6- Plancha con mancuernas:

  1. Ponte en posición de mesa con las manos debajo de los hombros y los brazos completamente estirados.
  2. Sujeta una mancuerna con una mano y abre las piernas al mismo ancho de lo hombros.
  3. Mantén estirada las piernas y el cuerpo completamente recto desde el cuello hasta los pies.
  4. Soporta unos 30 segundos allí y mientras tanto ve pasando la mancuerna por debajo de ti a la otra mano.

7- Giros rusos:

  1. Siéntate sobre la colchoneta y manda la espalda recta un poco hacia atrás.
  2. Toma una mancuerna en forma horizontal con las dos manos y eleva las piernas para que no toquen el suelo.
  3. Flexiona ligeramente las piernas y comienza a girar el torso llevando las manos de un lado a otro sin mover los pies.
  4. Durante este ejercicio mantén contraído el abdomen para conseguir estabilizar todo el cuerpo.
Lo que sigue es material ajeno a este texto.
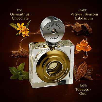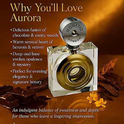 Horatio AURORA Eau de Parfum is a luxurious scent that blends the richness of chocolate with warm, earthy notes to create a truly decadent fragrance. The top notes of osmanthus and chocolate give way to a heart of vetiver, benzoin, and labdanum, offering a deep, intoxicating aroma. The base notes of patchouli, tobacco, and oud add a sophisticated finish, making it ideal for everyday wear and special occasions. A perfect fragrance for the home or as a personal indulgence, AURORA is sure to leave a lasting impression.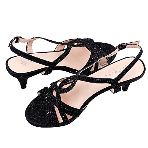 Binding : Apparel Product Description Make a Fashion Statement with these glitter rhinestone slingback low heel sandals, featuring an open toe, adjustable sling back, glitter, a slightly padded insole for comfort, and an approximate 2.5 inch low heel. (Please note that these measurements are based on a size 7). Man made materials Vegan Friendly. This style runs Slightly Smaller. 0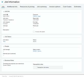 Job informationBy ETHOSystems / November 9, 2021 The Customer and Job can be updated in Sage Intacct and it will pass the information back to Salesforce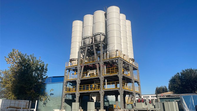 Recently, one tower type line orded by our customer in Tangshan city is under installation. The capacity of this line is 400,000 tons/year and mainly to produce masonry mortar and normal plastering mortar. The silos are installed on the top, saving land occupation.

8- Encogimientos laterales:

  1. Ubica una mancuerna en el piso verticalmente, luego siéntate el frente de esta.
  2. Coloca las manos detrás apuntando con los codos hacia adentro, puedes flexionar un poco los brazos.
  3. Estira las piernas juntas a un lado de la mancuerna y elévalas un poco para no tocar piso, por lo tanto inclina un poco la espalda hacia atrás.
  4. Encoge las piernas lo más que puedas para pasarlas por detrás de la mancuerna y luego vuelve a estirar las piernas sin tocar el piso cuando estés del otro lado.
  5. Aprieta el abdomen y controla siempre la respiración.